Here is the Arminian view of "Free Will," straight from an Arminian (if you can stomach it):



> "Athough human nature was seriously affected by the Fall, man has not been left in a state of total spiritual helplessness. God graciously enables every sinner to repent and believe, but He does so in such a manner as not to interfere with man's freedom. Each sinner possesses a free will, and his eternal destiny depends on how he uses it. Man's freedom consists of his ability to choose good over evil in spiritual matters; his will is not enslaved to his sinful nature. The sinner has the power to either cooperate with God's Spirit and be regenerated or resist God's grace and perish. The lost sinner needs the Spirit's assistance, but he does not have to be regenerated by the Spirit before he can believe, for faith is man's act and precedes the new birth. Faith is the sinner's gift to God; it is man's contribution to salvation."
> 
> (David N. Steele & Curtis C. Thomas, _The Five Points of Calvinism_, p. 16)


----------



## ReformedWretch (May 25, 2005)




----------



## ReformedWretch (May 25, 2005)

Look at this answer I got on another forum!

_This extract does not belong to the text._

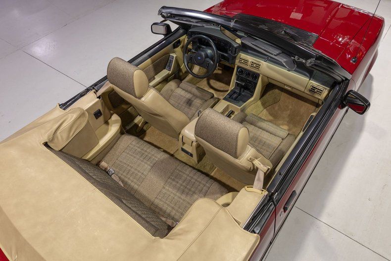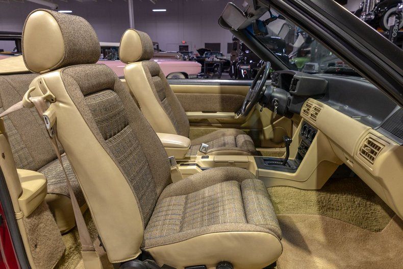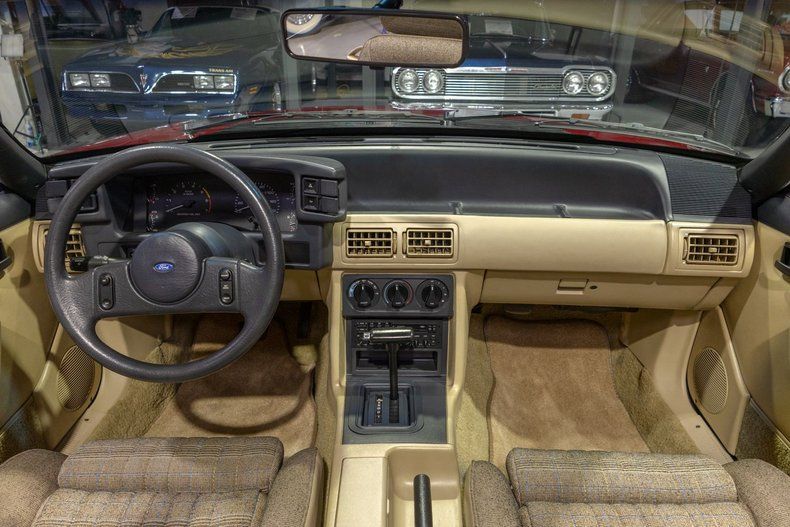 This 1989 Ford Mustang LX 5.0L Convertible is an outstanding, highly documented, low-mileage Foxbody Mustang with great options and a superb look! Few American performance cars experienced a resurgence as impactful as the Ford Mustang LX 5.0L Convertible. By the late 1980s, the Ford Mustang had firmly reestablished itself as a dominant force in the modern muscle car scene, thanks in large part to the legendary 5.0L High Output V8. Blending lightweight Fox-body styling with proven small-block performance, the Mustang LX 5.0 Convertible delivered an ideal combination of open-air cruising and street-ready power that continues to resonate with enthusiasts today. Introduced as a more understated alternative to the GT, the Mustang LX 5.0L offered the same potent drivetrain without the added ground effects and visual extras. This "sleeper" appeal made the LX especially popular among performance-minded buyers who valued speed and simplicity. In convertible form, the LX 5.0 became an even more compelling package-offering the thrill of V8 performance paired with top-down driving enjoyment, all wrapped in one of the most recognizable American nameplates of all time. Under the hood, the 1989 Ford Mustang LX Convertible was powered by a 5.0-liter (302 cubic inch) High Output V8 engine, factory rated at 225 horsepower. Paired with either a 5-speed manual or automatic transmission, the 5.0 Mustang delivered strong acceleration and a driving experience that helped define the Fox-body era. Its relatively light weight and simple, durable mechanicals also made it a favorite among tuners and racers, further cementing its reputation as one of the most versatile performance cars of its time. Inside, the Mustang LX 5.0 Convertible offered a driver-focused cockpit with comfortable seating, straightforward controls, and available features that reflected late-1980s convenience. The power-operated convertible top added another layer of enjoyment, making this Mustang equally at home cruising scenic roads or making a statement at local car events. Today, the 1989 Ford Mustang LX 5.0 Convertible is widely regarded as one of the most collectible Fox-body Mustangs. Its clean styling, legendary 5.0L V8, and growing appreciation among collectors have elevated its status in the modern classic car market. Enthusiasts searching for a 1989 Mustang LX 5.0 for sale recognize the unique balance of performance, nostalgia, and investment potential that these cars represent. This particular example comes to us from a discerning collector with impressive paperwork including its original window stock. Under the hood on this '89 Mustang is a "High Performance" 5.0 Liter EFI "High Output" (HO) engine that was rated at 225 horsepower from the factory. The fuel injected 5.0L V8 is backed by an optional 4-Speed Automatic Overdrive transmission that makes this Foxbody convertible an easy car for anybody to enjoy. Exhaust exits the HO 302 V8 out through a pair of tailpipes producing a terrific sound. This Mustang 5.0 LX is absolutely loaded with features! With rack and pinion power steering, this '89 Ford Mustang is easy to maneuver in and out of a tight parking space at your local cars and coffee event or car show. Power front disc brakes are another welcome feature on this 80s-era Mustang since it makes bringing this convertible to a complete stop much easier and predictable. You'll also be able to keep the rubber to the pavement since the rear differential is equipped with Traction-Lock. The drive in this 1989 Mustang LX is also quite enjoyable since it comes equipped with the special Handling Suspension including a Quadra Shock setup in the rear. Riding on a set of 215/65R15 radials mounted on cast aluminum wheels, this '89 LX 5.0L has a classic look and fantastic ride. The Sand Beige vinyl power convertible top is in fantastic condition and it's easily raised and lowered with the push of a button. Additionally, when the top is in the lowered position (as it should be 99% of the time), it tucks neatly below a matching convertible top boot that provides a much cleaner, streamlined look. The exterior of this Foxbody is correctly finished in Cabernet Red paint, just how it came back in 1989 when it rolled off the Dearborn production line. The interior of this 1989 Ford Mustang LX 5.0L Convertible is absolutely stunning! The front articulated Sport bucket seats as well as the rear seats look to be in great shape and they are correctly upholstered in Sand Beige fabric. The matching door panels, carpeting and floor mats, padded dash, and steering wheel are all in great shape as well, impressively retaining their stock appearance. Like the drivetrain, the interior is also absolutely loaded with creature comforts! All four power windows go up and down with the simple push of a button and you can even unlock the doors with the power door locks. On extended cruises, you can get extra comfortable thanks to the power adjustable lumbar support and a tilt steering wheel. This 1989 Foxbody Mustang also came equipped from the factory with the optional Special Value Group of accessories. First, you'll be able to stay cool even on the hottest summer days thanks to the factory air conditioning and you can stay warm on a cool summer evening with the heater and defroster. Second, longer driving is made much more enjoyable with "Speed Control" Cruise Control complete with steering wheel mounted controls. Third, you'll be able to listen to all of your 80s and 90s throwback tunes on the AM/FM/Cassette Stereo system and Premium Sound System. The instrument cluster remains in its stock configuration and includes a 140 MPH speedometer, 7,000 RPM tachometer, battery gauge, temperature gauge, oil pressure gauge, and fuel gauge. Whether you're buying your very first classic car or you're adding to your existing stable of Ponies, this 1989 Ford Mustang LX 5.0L Convertible would make an excellent choice. Give Ellingson's a call today at 763-428-7337!

> If you had five children who were all blind and heading for the edge of a cliff, and you called out to two of them to stop, while letting the other three continue off the cliff, what kind of a father would that make you?
> 
> On the other hand, if you called out to all of them, but three refused to pay you any heed and went over the cliff, now that's different.


----------



## WrittenFromUtopia (May 25, 2005)

False analogy. The blind children would also have to hate you, murder your entire family, spit in your face daily, and burn your house to the ground, all while laughing at you, mocking you, and telling you that you don't matter or exist.


----------



## nonconformist (May 25, 2005)

Thanks guys,I guess I have more studying to do on the subject.I just thought I had it all together until I read that verse.The questions I have is 1.What are we free from?God 2.How can God be totally in control if we have a free will.I do not want to be in control anymore I make to many mistakes


----------



## JohnV (May 25, 2005)

You have to keep a clear distinction between what Arminians call free will and what the Canons of Dort calls free will. They are not the same at all. Jonathan Edwards makes this quite clear. So a clear definition of free will is needed, but then you need a whole lot more about what you don't mean by it. The difference is like night and day.


----------



## JohnV (May 25, 2005)

Example: (taken from the above Arminian view of free will)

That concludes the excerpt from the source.